What the I might have missed? And if there's something works in FreeBSD (except VBOX)? or any bhyve front-end with video support?

My FreeBSD box: FreeBSD 10.3-RC1 amd64. Hardware: Core(TM) i5-2430M CPU @ 2.40GHz


----------



## SirDice (Mar 7, 2016)

Please note that bhyve is still an experimental feature. Many things are still missing, including support for graphics terminals. 

https://wiki.freebsd.org/bhyve


----------



## Oko (Mar 7, 2016)

Purkuapas said:


> Hi.
> I've try to find anything on FreeBSD to run virtual machines. Looks like XEN is not ready (my system is reboot on booting kernel with xen). After some hours in google i successfully run bhyve with FreeBSD  guest. But I would also like to get Linux in bhyve. And i do not understand how to use it with graphics support. To get VNC or something, i install virt-manager. But when i try to run any guest in virt-manager via bhyve, i've got:



There are seven types of virtualization.



Pure Hardware virtualization (Available since early 70s on IBM main frame)  

Emulation (An example is Qemu, VirtualBox, KVM, Bhyve)

Full Virtualization (Xen, WMware, Hyper-V)

Paravirtualization (DragonFly BSD _vkernel_)

Operating System Level Virtualization ( Solaris Zones, FreeBSD Jails)

Library virtualization (Cygwin, Wine) 

Application virtualization (Linux docker, PC-BSD PBIs)
So the real question is what are you trying to virtualize and why? Most people who are interested in efficient (not necessary the smartest) hardware use will look at 3. I really like Xen (AWS also runs Xen). If you go with Xen Dom0 I would go with XenServer (Citrix free product). If you really want to learn Alpine Linux Dom0. Reports of Xen Dom0 on NetBSD are so few that I would be scared to try in production. Xen is also designed with security in mind (as much as possible considering the complexity of code)

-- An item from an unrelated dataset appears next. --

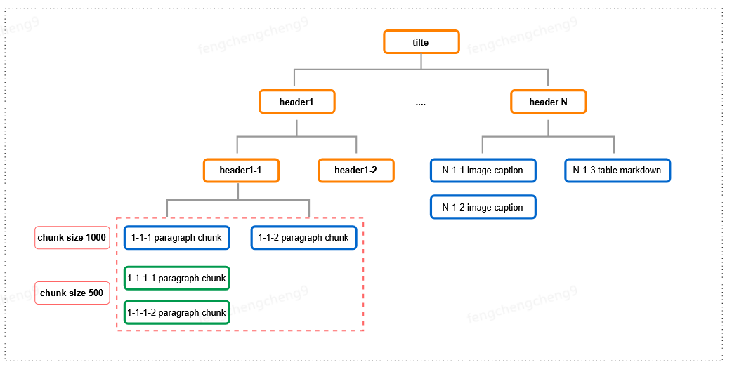 分块策略直接决定上下文的完整性和连贯性,从而影响生成输出的质量。普通分块可能破坏语义完整性,降低相关性。在长篇文档中往往标题,副标题是对一大片文档的整体总结,如果只看分块可能会造成信息丢失。因此,我们优化了分块策略,引入层级分块策略。

If you are trying to get some added security, use resources efficiently and isolate processes you should look at 5. I will concur that Solaris Zones+Crossbow network virtualization are more mature than FreeBSD Jails which I use but Jails on the top of ZFS with iocage are not too shabby unless you want to virtualize networks where Crossbow is just much more mature technology than Jail network virtualization.

If you are Web developer looking to check if you website renders properly on Windows Explorer you should look at VritualBox.


Most people should not look at other things. However I will be first to admit that I use Qemu to build packages for OpenBSD. I use KVM just because it is convenient to run some of our analytical tools on the top of computing nodes running RedHat (KVM is linux specific).

I have little experience with 1 mostly on Sun servers from early 2000s.

4 is really cool as many things coming from DF but with scarce documentation and mostly targeting DF kernel hackers.

6 and 7 should not be used!

It looks to me base on your post that VirtualBox is what you need and that runs on FreeBSD albeit not an official Oracle version. Please switch to RedHat Linux for the official version.


----------



## Oko (Mar 7, 2016)

getopt said:


> Exclamation marks do not substitute explanations. So please be so kind ...


I have to fall back to an old math phrase. As it is trivial to verify


----------



## Purkuapas (Mar 7, 2016)

SirDice said:


> Please note that bhyve is still an experimental feature. Many things are still missing, including support for graphics terminals.
> 
> https://wiki.freebsd.org/bhyve



Yes, I know about missing graphics terminal support in bhyve. I thought that the virt-manager is capable to make something like openpty(3) from serial bhyve console <--> VNC. Because if doesn't do something or similar (while bhyve isn't able to support graphics) - that is unclear for me how to use bhyve through virt-manager in general.



Oko said:


> So the real question is what are you trying to virtualize and why?



I've try to find any solution on FreeBSD to run any modern OS as guest: Windows, Linux and FreeBSD. I very much love LXC and OpenVZ  as Linux container on Linux and KVM as hypervisor for any other OSes. On FreeBSD, for hosting FreeBSD environment it would be logical to use jail, however these problems ( https://forums.freebsd.org/threads/55404/ : in particular, impossibility of reboot, loopback binding and the very-*SHARED* shared memory) - this is not serious, alas. I work in hosting company and I would like to add support of FreeBSD - not only as vm-guest, but also to put into operation a small cluster on FreeBSD as a hoster.


----------



## Oko (Mar 7, 2016)

That is admirable but a tall order. You need to talk to developers not users like me.


----------



## lme@ (Mar 7, 2016)

I use a x2go server in a Linux instance and bhyve and connect via net/x2goclient. But you could also use x11rdp or VNC.


----------



## Oko (Mar 8, 2016)

gpatrick said:


> SmartOS by Joyent uses the illumos kernel which was forked from OpenSolaris before Oracle closed it. Joyent is also an OpenZFS developer.
> 
> SmartOS naturally allows Zones since it has lineage in Solaris, and Joyent ported KVM to SmartOS so you can run Linux or the BSDs. Plan9 also is supposed to run in KVM.
> 
> Joyent also has Docker running on SmartOS bare metal.


I think I played once with SmartOS thanks to you posts. In my experience YMMV depends how familiar is one with Solaris. It is based of Iluminus and doesn't include larest stuff from Solaris 11. It also uses NetBSD's pkgsrc. For people who like Zones and Crossbow and need KVM looks very credible. It does embedded installatio IIRC.


----------



## metsuke (Mar 8, 2016)

Purkuapas, I've tried virt-manager as well, but found that it is not yet suitable for bhyve deployment.  I got past the part you are stuck at by customizing the VM, and adding a "Video" device.


----------